_DATA SECTION_
<<<<

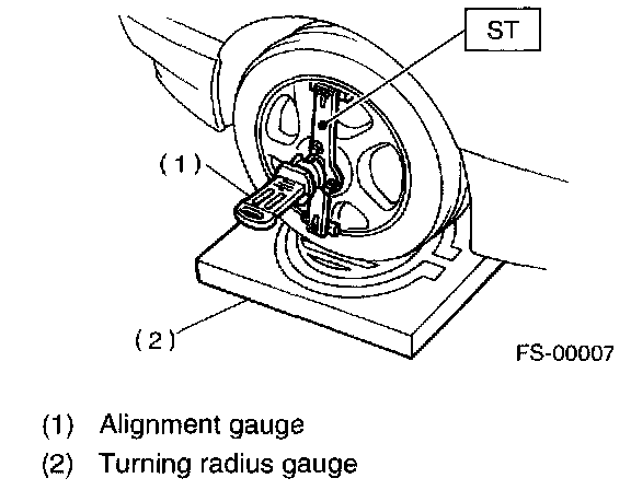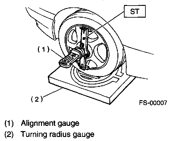 1) Place the front wheel on turning radius gauge. Make sure ground contacting surfaces of front and rear wheels are set at the same height.
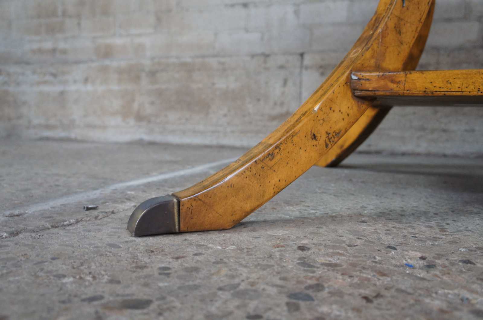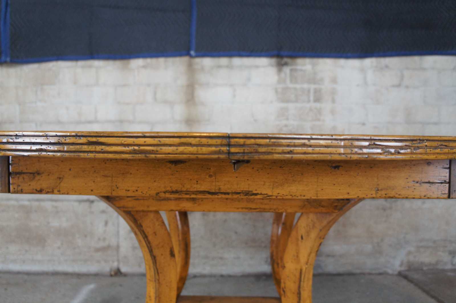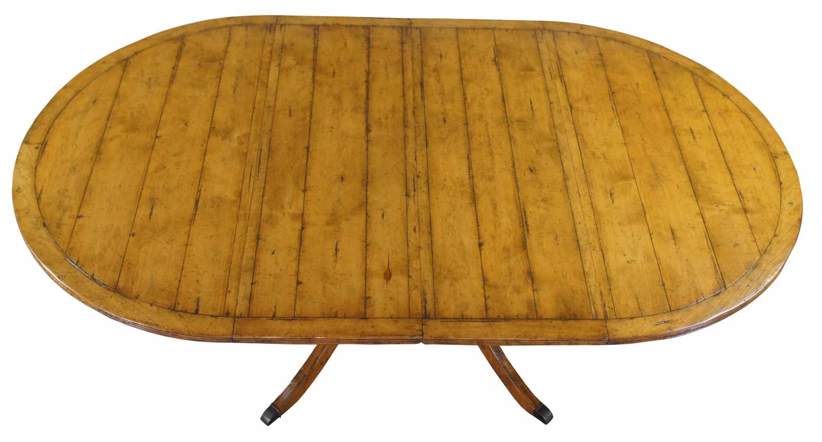 Guy Chaddock Dining Table. Distressed pine plank style top over long saber legs and brass capped feet. Circa 1999
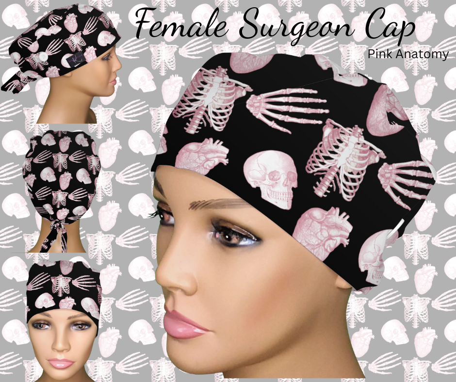 6. Female Surgeon Caps: Euro-Pixie Blend with Fabric Ties for Low Buns"
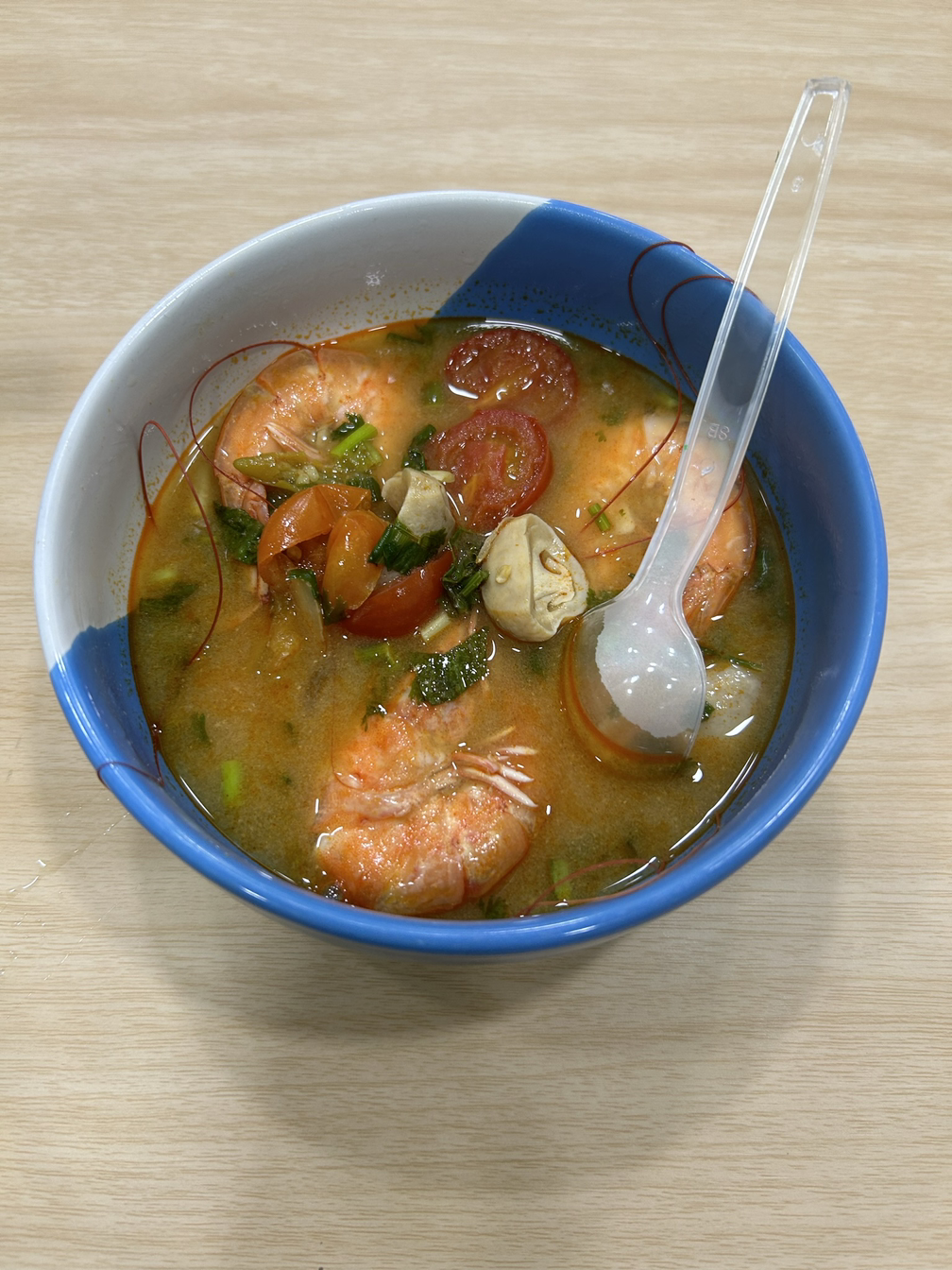 안내장에 써져 있는 교실번호를 찾아 조심스레 들어가 보니 큰 냄비와, 여러 가지 식재료들이 책상에 있었다. 선생님들끼리 점심식사 하는 곳으로 잘못 찾아온 줄 알았는데 수업장소가 맞았다. 나의 첫 태국어 수업은 모두 함께 똠양꿍 만들기였다. 가끔 이런 식으로 체험형 수업을 하는데 나의 첫 수업날이 딱 그 체험 날이었다. 자리에 앉자마자 생각했다. 태국어 수업 너무 재미있겠다고.

>>>>

Please copy the data shown above precisely, leaving the images out.

_FINISHED EXERCISE_
 1) Place the front wheel on turning radius gauge. Make sure ground contacting surfaces of front and rear wheels are set at the same height.
 Guy Chaddock Dining Table. Distressed pine plank style top over long saber legs and brass capped feet. Circa 1999
 6. Female Surgeon Caps: Euro-Pixie Blend with Fabric Ties for Low Buns"
 안내장에 써져 있는 교실번호를 찾아 조심스레 들어가 보니 큰 냄비와, 여러 가지 식재료들이 책상에 있었다. 선생님들끼리 점심식사 하는 곳으로 잘못 찾아온 줄 알았는데 수업장소가 맞았다. 나의 첫 태국어 수업은 모두 함께 똠양꿍 만들기였다. 가끔 이런 식으로 체험형 수업을 하는데 나의 첫 수업날이 딱 그 체험 날이었다. 자리에 앉자마자 생각했다. 태국어 수업 너무 재미있겠다고.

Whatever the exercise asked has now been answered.